» **Dataset section**
* * * * *

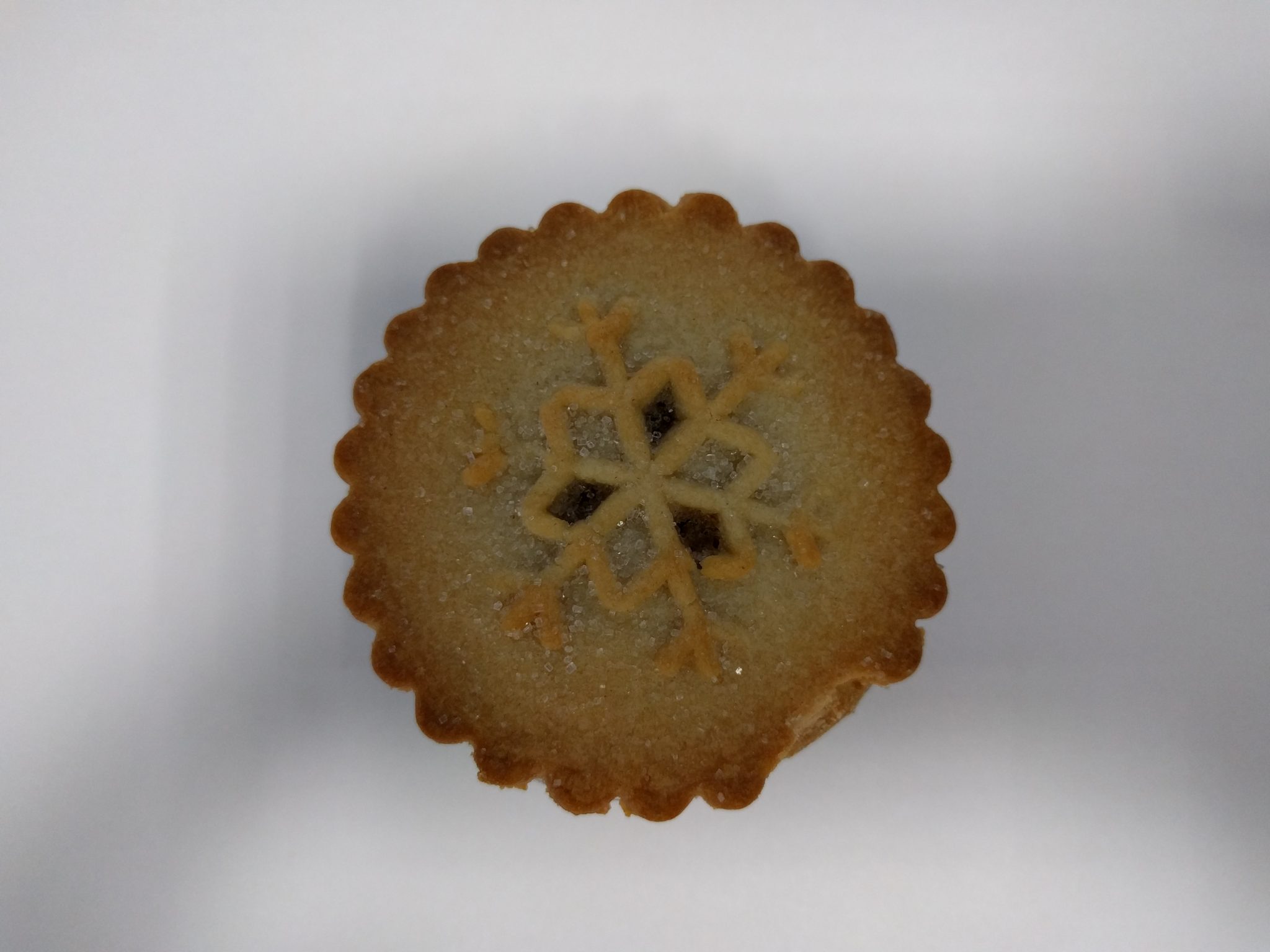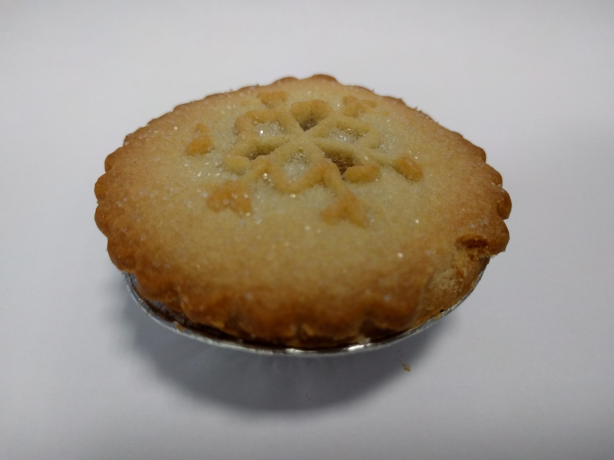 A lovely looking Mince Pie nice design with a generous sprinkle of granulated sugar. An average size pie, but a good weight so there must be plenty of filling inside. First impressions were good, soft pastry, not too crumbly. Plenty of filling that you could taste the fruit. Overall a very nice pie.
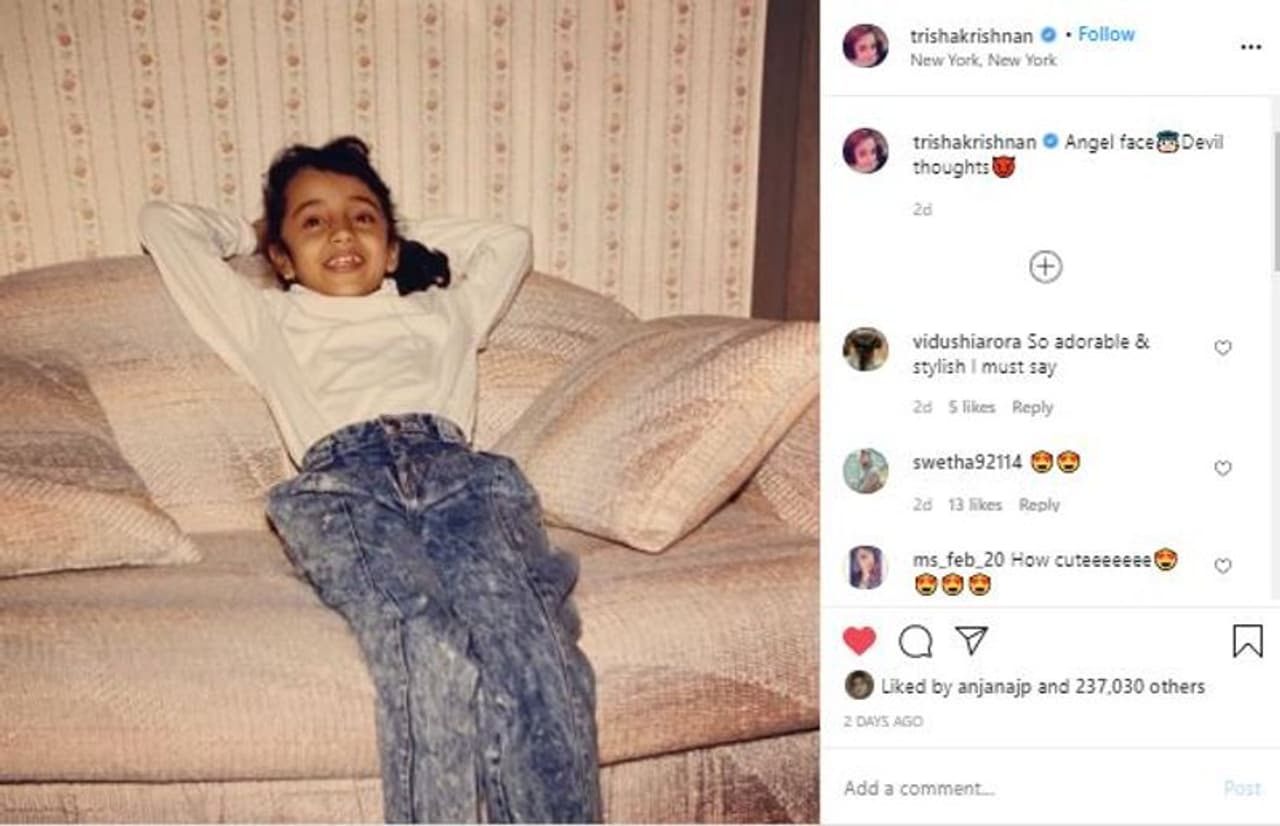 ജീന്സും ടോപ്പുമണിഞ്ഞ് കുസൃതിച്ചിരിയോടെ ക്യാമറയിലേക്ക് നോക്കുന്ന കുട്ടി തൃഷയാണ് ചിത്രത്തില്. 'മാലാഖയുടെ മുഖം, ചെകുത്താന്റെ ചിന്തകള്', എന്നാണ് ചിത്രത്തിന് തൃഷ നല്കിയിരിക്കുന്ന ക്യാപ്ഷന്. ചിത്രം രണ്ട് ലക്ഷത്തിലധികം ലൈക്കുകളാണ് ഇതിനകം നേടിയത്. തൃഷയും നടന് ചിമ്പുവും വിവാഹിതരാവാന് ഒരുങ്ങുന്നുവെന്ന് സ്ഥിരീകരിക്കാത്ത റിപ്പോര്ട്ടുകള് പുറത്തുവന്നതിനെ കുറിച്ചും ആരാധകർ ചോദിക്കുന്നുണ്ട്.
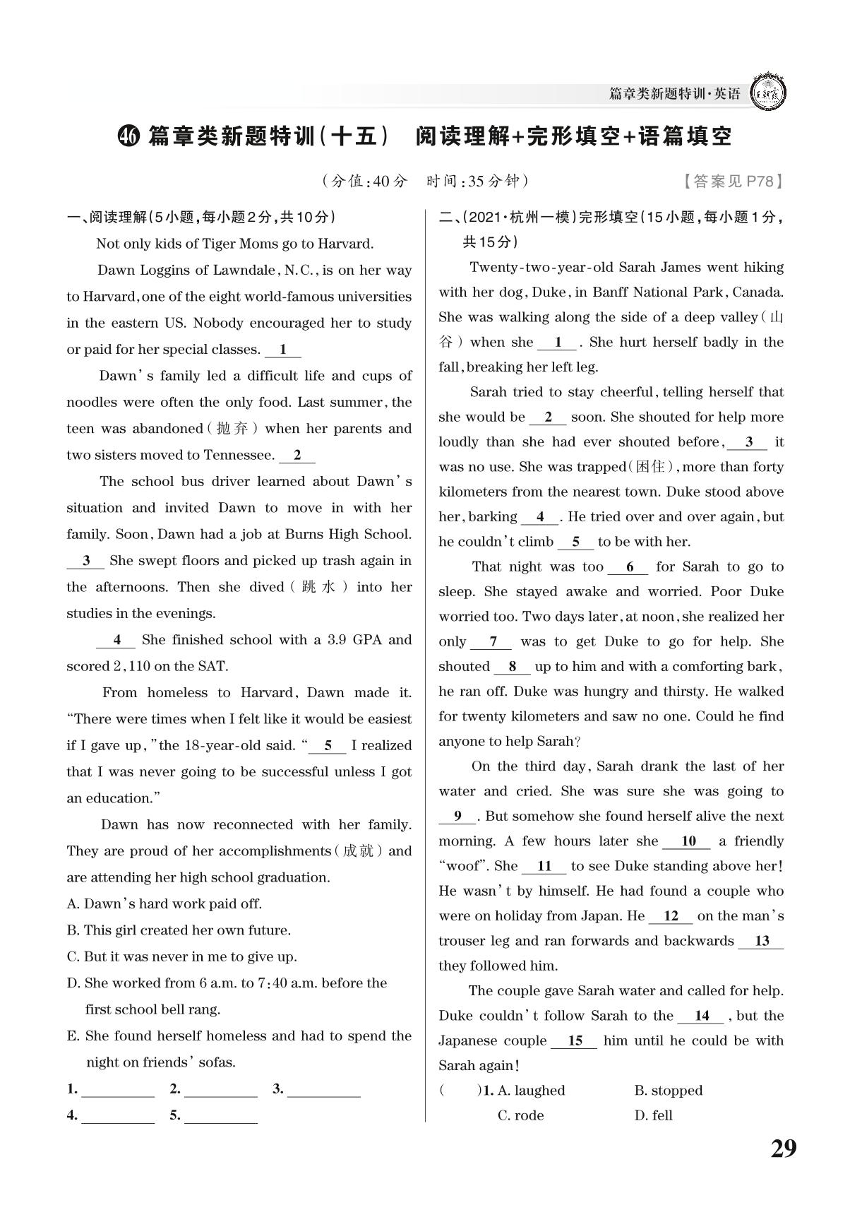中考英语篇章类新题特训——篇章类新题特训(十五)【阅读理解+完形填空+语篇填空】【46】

* * * * *

» **Aim of the task**
Restate the material above word for word, dropping the pictures.

» **Answer to the exercise**
 A lovely looking Mince Pie nice design with a generous sprinkle of granulated sugar. An average size pie, but a good weight so there must be plenty of filling inside. First impressions were good, soft pastry, not too crumbly. Plenty of filling that you could taste the fruit. Overall a very nice pie.
 ജീന്സും ടോപ്പുമണിഞ്ഞ് കുസൃതിച്ചിരിയോടെ ക്യാമറയിലേക്ക് നോക്കുന്ന കുട്ടി തൃഷയാണ് ചിത്രത്തില്. 'മാലാഖയുടെ മുഖം, ചെകുത്താന്റെ ചിന്തകള്', എന്നാണ് ചിത്രത്തിന് തൃഷ നല്കിയിരിക്കുന്ന ക്യാപ്ഷന്. ചിത്രം രണ്ട് ലക്ഷത്തിലധികം ലൈക്കുകളാണ് ഇതിനകം നേടിയത്. തൃഷയും നടന് ചിമ്പുവും വിവാഹിതരാവാന് ഒരുങ്ങുന്നുവെന്ന് സ്ഥിരീകരിക്കാത്ത റിപ്പോര്ട്ടുകള് പുറത്തുവന്നതിനെ കുറിച്ചും ആരാധകർ ചോദിക്കുന്നുണ്ട്.
中考英语篇章类新题特训——篇章类新题特训(十五)【阅读理解+完形填空+语篇填空】【46】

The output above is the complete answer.